■ **PROBLEM**
From the entries below, write out exactly the lines between the line holding "Imágenes que impactaron" and the line holding "Chemical methods for", inclusive, excluding any pictures.

■ **SOURCE MATERIAL**
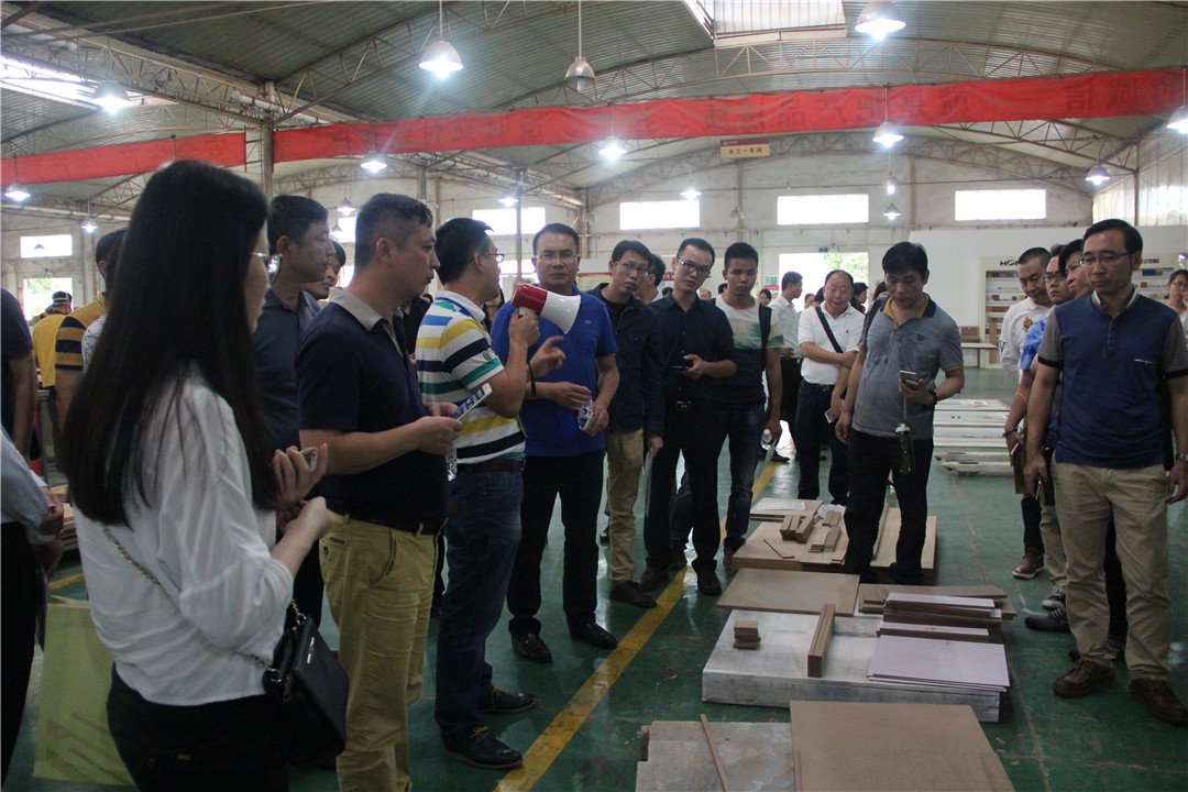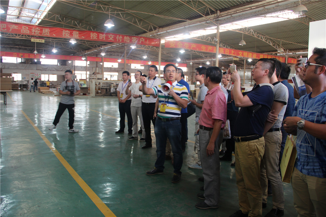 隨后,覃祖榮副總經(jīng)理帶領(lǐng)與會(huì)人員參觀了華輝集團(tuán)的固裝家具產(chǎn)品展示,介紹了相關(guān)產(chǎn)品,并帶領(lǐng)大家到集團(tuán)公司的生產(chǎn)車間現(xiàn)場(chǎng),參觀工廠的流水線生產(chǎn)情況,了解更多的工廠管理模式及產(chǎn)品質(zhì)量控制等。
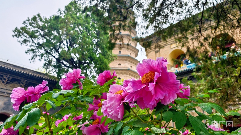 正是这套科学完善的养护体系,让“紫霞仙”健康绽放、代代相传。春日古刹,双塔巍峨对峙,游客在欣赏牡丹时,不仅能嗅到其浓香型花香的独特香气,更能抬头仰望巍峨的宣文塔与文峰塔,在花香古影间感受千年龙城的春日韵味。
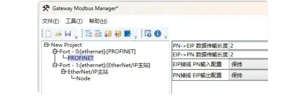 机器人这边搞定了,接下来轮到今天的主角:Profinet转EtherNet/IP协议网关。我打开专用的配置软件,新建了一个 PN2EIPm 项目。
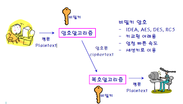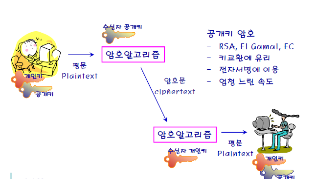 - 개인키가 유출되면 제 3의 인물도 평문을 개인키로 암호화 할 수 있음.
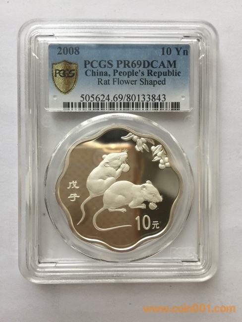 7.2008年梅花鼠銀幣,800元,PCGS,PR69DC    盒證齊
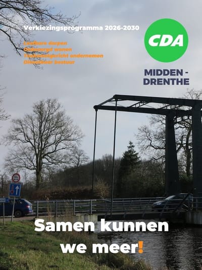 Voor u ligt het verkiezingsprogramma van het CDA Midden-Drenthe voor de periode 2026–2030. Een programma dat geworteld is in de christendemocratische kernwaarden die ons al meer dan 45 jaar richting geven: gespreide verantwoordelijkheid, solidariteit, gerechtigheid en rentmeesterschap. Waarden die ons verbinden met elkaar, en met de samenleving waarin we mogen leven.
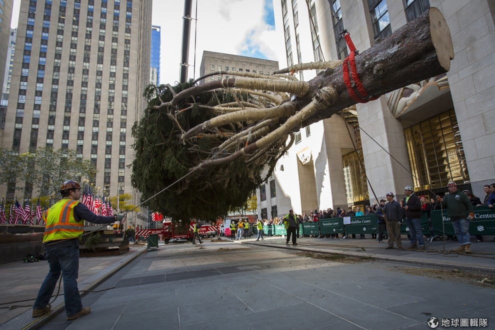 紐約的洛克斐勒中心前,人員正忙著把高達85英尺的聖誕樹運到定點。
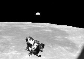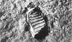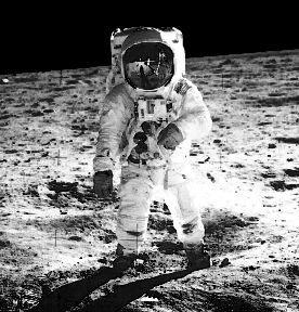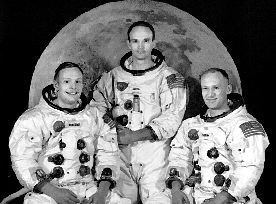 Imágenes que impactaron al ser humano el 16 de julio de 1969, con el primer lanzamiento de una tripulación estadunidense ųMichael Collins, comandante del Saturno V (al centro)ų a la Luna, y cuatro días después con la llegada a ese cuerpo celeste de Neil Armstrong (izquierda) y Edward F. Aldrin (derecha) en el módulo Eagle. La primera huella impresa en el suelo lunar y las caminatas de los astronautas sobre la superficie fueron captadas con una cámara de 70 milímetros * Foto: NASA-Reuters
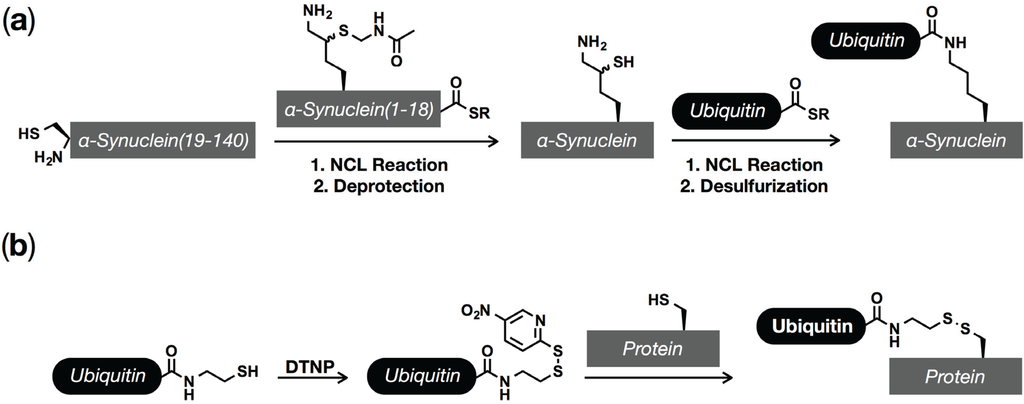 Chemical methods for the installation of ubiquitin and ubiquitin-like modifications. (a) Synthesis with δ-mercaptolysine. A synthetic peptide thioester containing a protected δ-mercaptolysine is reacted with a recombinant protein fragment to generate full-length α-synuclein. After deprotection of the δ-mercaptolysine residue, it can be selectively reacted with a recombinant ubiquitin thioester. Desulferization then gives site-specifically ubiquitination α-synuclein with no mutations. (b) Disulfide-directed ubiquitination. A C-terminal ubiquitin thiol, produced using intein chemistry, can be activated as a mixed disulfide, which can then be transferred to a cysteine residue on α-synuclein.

---

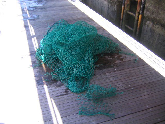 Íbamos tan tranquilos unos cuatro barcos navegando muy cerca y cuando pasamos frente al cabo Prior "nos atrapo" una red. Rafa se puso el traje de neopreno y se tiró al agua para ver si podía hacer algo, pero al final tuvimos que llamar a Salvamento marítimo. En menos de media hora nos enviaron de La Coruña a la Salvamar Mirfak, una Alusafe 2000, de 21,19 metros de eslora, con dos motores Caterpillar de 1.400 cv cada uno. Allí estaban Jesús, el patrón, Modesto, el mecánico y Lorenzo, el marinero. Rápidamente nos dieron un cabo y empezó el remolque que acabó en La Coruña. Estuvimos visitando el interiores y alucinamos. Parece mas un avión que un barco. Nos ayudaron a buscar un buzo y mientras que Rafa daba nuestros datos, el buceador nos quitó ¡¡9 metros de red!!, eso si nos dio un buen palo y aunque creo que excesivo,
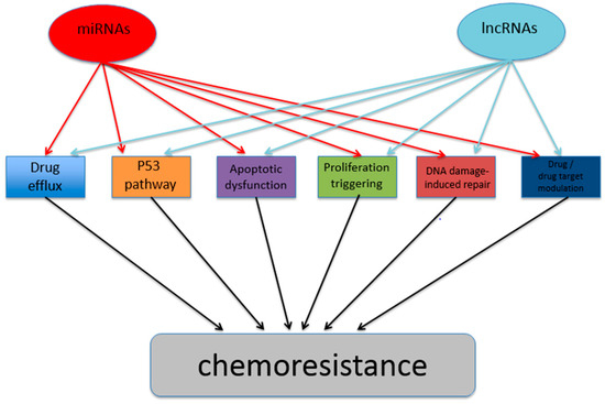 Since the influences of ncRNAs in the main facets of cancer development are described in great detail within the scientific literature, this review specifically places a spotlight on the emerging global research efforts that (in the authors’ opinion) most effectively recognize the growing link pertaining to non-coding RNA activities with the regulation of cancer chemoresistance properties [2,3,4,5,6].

---

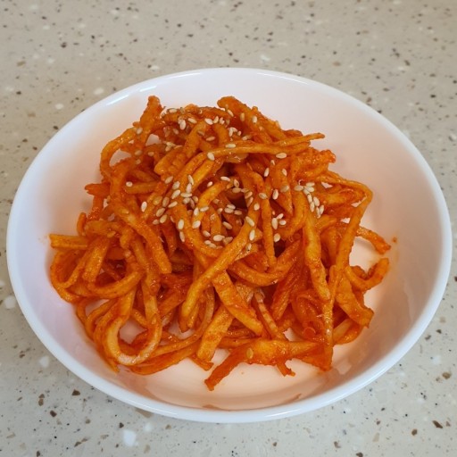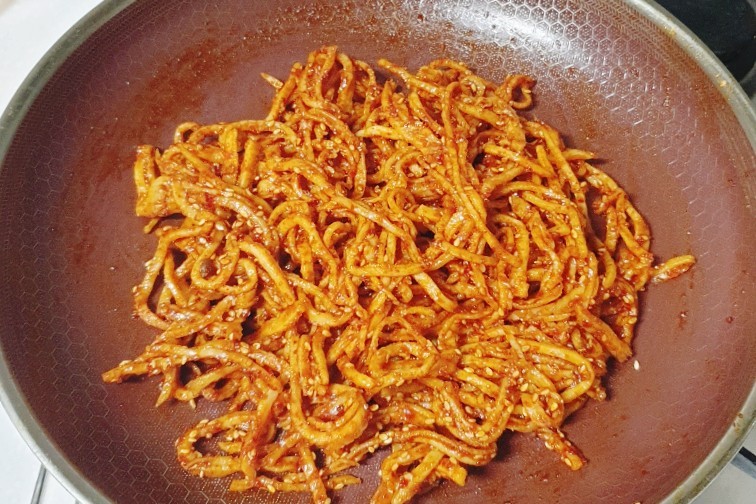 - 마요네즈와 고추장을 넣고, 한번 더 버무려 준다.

■ **WRITTEN ANSWER**
 Imágenes que impactaron al ser humano el 16 de julio de 1969, con el primer lanzamiento de una tripulación estadunidense ųMichael Collins, comandante del Saturno V (al centro)ų a la Luna, y cuatro días después con la llegada a ese cuerpo celeste de Neil Armstrong (izquierda) y Edward F. Aldrin (derecha) en el módulo Eagle. La primera huella impresa en el suelo lunar y las caminatas de los astronautas sobre la superficie fueron captadas con una cámara de 70 milímetros * Foto: NASA-Reuters
 Chemical methods for the installation of ubiquitin and ubiquitin-like modifications. (a) Synthesis with δ-mercaptolysine. A synthetic peptide thioester containing a protected δ-mercaptolysine is reacted with a recombinant protein fragment to generate full-length α-synuclein. After deprotection of the δ-mercaptolysine residue, it can be selectively reacted with a recombinant ubiquitin thioester. Desulferization then gives site-specifically ubiquitination α-synuclein with no mutations. (b) Disulfide-directed ubiquitination. A C-terminal ubiquitin thiol, produced using intein chemistry, can be activated as a mixed disulfide, which can then be transferred to a cysteine residue on α-synuclein.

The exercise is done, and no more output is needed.